Scotland to benefit from digital health technologies as new fund is announced

Cash grants given to six teams to develop innovative people-powered digital solutions

The University of Edinburgh is one of the recipients of grant funding to develop its interactive mobile app to support parents and carers of children going through the autism diagnosis pathway

Health services in Scotland could benefit from AI-powered technology after six digital innovations were awarded funding.

The Healthier Lives Data Fund, a partnership between Nesta and the Scottish Government, aims to support innovative digital technologies that make data available and useful to citizens so they can lead more-independent lives.

And it has awarded six projects £30,000 each in an effort to help people in Scotland lead healthier lives and to encourage them to take more control over their health and care.

Each day rich health and care data is collected about us. However, much of the value of this data is not accessible to citizens themselves

The projects cover everything from dementia and COPD to autism and prostate cancer.

The fund comes in response to the rising availability of data related to health and wellbeing, as well as the Scottish Government’s ambition that everyone living in Scotland will have access to the digital information, tools and services they need to help maintain and improve their lives.

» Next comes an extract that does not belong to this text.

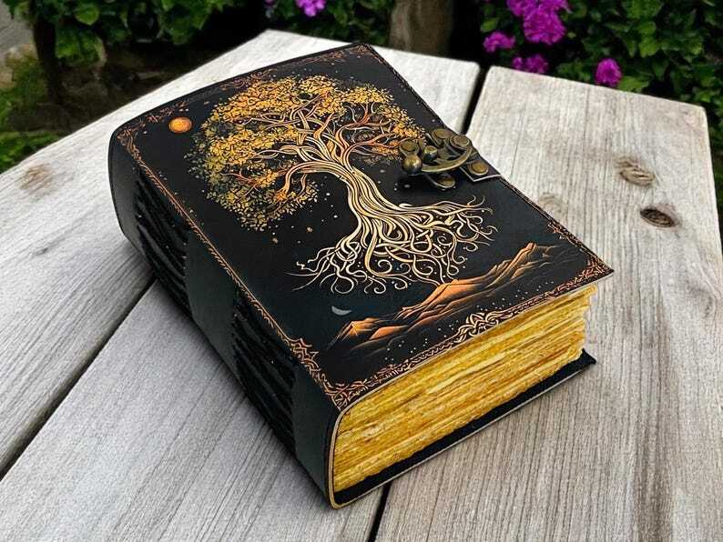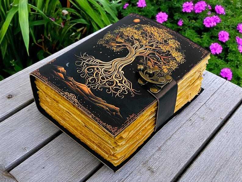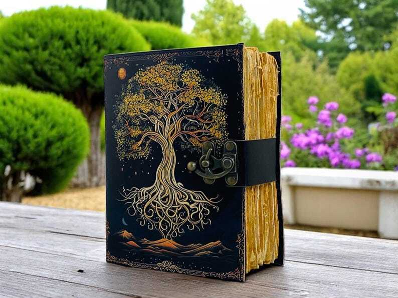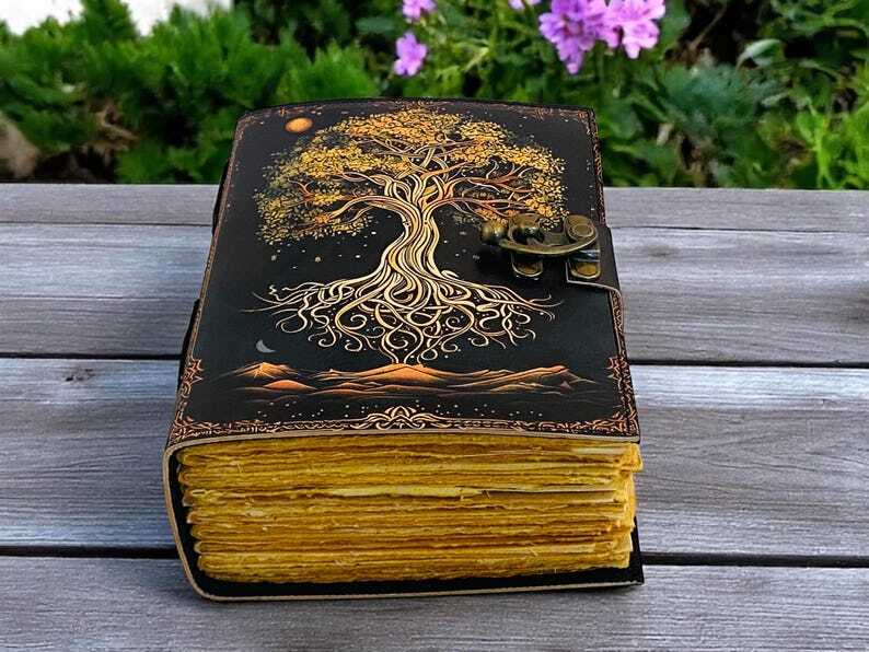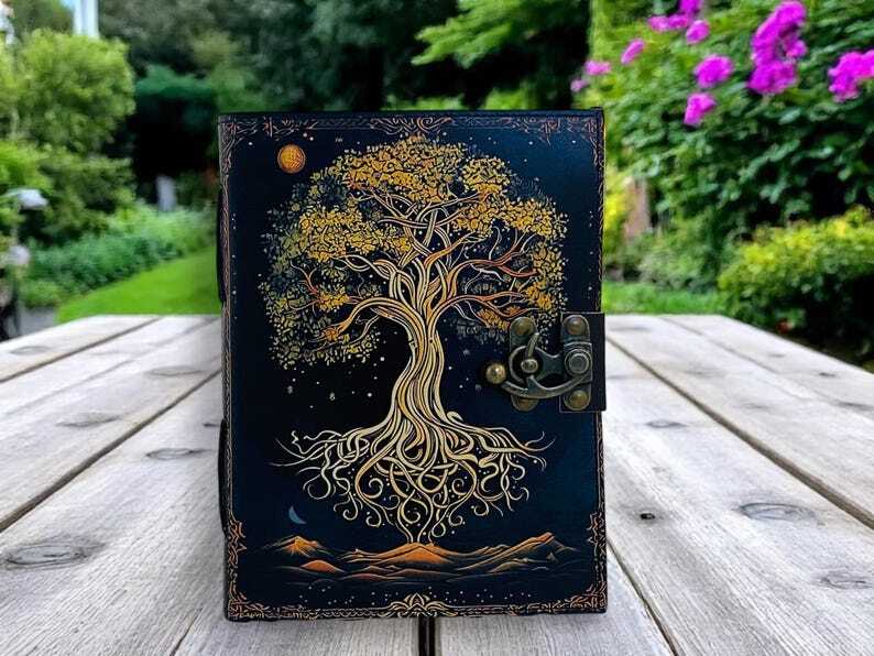 Large Grimoire leather journal, Print Tree of Life Journal, Blank spell book of shadows Leather Celestial Gifts for Him Her. • Print - Tree of life • Vintage lock closure • Genuine leather • Vintage deckle edge old paper • Handmade rustic cotton paper Size - 7x5 Inches, 8x6 Inches, 10x7 Inches ● Leather journal witchcraft book of shadows notebook is made with 200 pages of Antique Paper which looks like it was pulled from history. You will fall in love with the antique handmade cotton paper which is unique to our Vintage Journal Notebook. ● The vintage clasp lock will keep all your valuable writing locked inside. Sturdy hand stitched binding to make sure that no paper comes out loose from your spell notebook. ● Sketch, Doodle, Write on your Leather Blank Spell Journal with a Calligraphy Pen Fountain Pen, Brush Pen, Ball Pen, Acrylic Colors, Watercolor and many more. We guarantee no bleed through. ● Artist Sketchbooks, Photo Album, Traveling Notes, Business Executive, Logbook, Poetry Work, Journalists, Food Planner, Instagram Scrapbook and Bible Journaling.

In addition to the financial support, Nesta will be working closely with the six teams over the year to develop and test their innovations, hoping to unlock the potential of a new generation of data-driven, people-facing digital technologies for health in Scotland.

The six grantees are:

  • Pharmatics, CareAI: This project will look to improve the lives of those living with COPD by using artificial intelligence to determine when people are likely to deteriorate, giving patients more control over their condition
  • Px Healthcare, Prostate Cancer app: After the success of its app for breast cancer patients, OWise, the company is hoping to develop a similar application for those living with prostate cancer, which will use patient-reported data to improve clinical outcomes and the quality of patients’ lives
  • University of Salford, Fan Fit: By targeting football supporters through their app, Fan Fit, the university hopes to improve people’s physical activity and therefore their overall health and wellbeing
  • Cognihealth, Cognicare: The aim is to use personalised AI-powered digital technology to provide solutions to dementia care, enabling early intervention and prevention and improving the quality of care for individuals and their families
  • NquiringMinds, Careteam PA: This project will give the cared-for person control of their data and empower them to selectively and securely share their health information with formal and informal carers
  • University of Edinburgh: The university hopes to develop an interactive mobile app to support parents and carers of children going through the autism diagnosis pathway

This new fund will put health and care data in the hands of people through a range of digital technologies, enabling them to manage their long-term conditions more effectively, navigate the complex autism diagnosis pathway better, or share their care data with the right people at the right time

Sinead Mac Manus, senior programme manager at Nesta, said: “Each day rich health and care data is collected about us. However, much of the value of this data is not accessible to citizens themselves.

“This new fund will put health and care data in the hands of people through a range of digital technologies, enabling them to manage their long-term conditions more effectively, navigate the complex autism diagnosis pathway better, or share their care data with the right people at the right time.

“We are pleased to be working in the partnership with the Scottish Government on this fund, which has the potential to inspire a new generation of people-powered digital health.”